Page 13
“There’s only five people left in her classroom now, and one of them is Phyllis!
” A girl with curly black hair, and skin a few shades lighter than Ross, was shaking her head in disbelief as she gravitated toward us.
“I don’t remember Elmwood being a teacher when I went here the first time.
And there is no way I am letting some chick who’s maybe five years older than me talk to me like I’m a child now that I’m grown.
It’s just not going to happen, and I had to explain that to her.
” She wiggled her fingers at me. “Name’s Marina. ”
“Harlow,” I replied with a wave in return. “Who’s Phyllis?”
“Phyllis is the sixty-five-year-old lady that was sitting in the corner of the classroom,” Fable said, adjusting her glasses.

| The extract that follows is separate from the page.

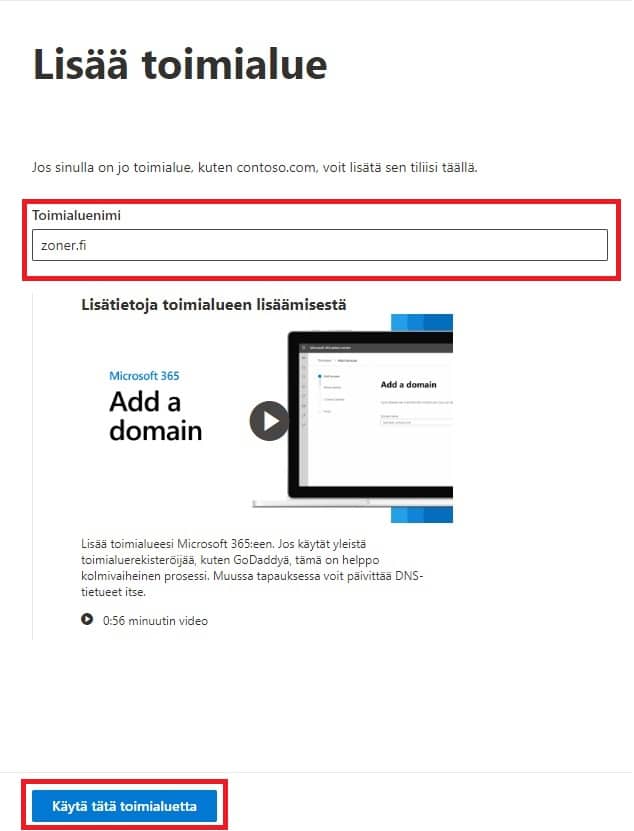 Tässä ohjeessa käymme läpi miten verkkotunnus lisätään, vahvistetaan ja ohjataan Microsoft 365 -palveluun.

“Apparently, because House Phoenix was a late addition to this semester, they had no one available to oversee us. She’ll be acting as our house mother but will also be coming to classes with the rest of us. To make sure we behave.”
Strange. All of it was so very strange.
“And who else is left?” I asked, my brain trying to follow this turn of events.
“There’s Gary the one with the bright red hair, two girls, one named Ellie and the other Caterina, and a guy named Zeed Sorn. He’s super smart,” Marina said.
“Agree,” Fable chimed in with a nod. “He was two years ahead of me, but we were friendly, and there’s no question that he was one of the smartest kids at Neverthorn.”
“The rest of us are probably wasting our time,” Marina said.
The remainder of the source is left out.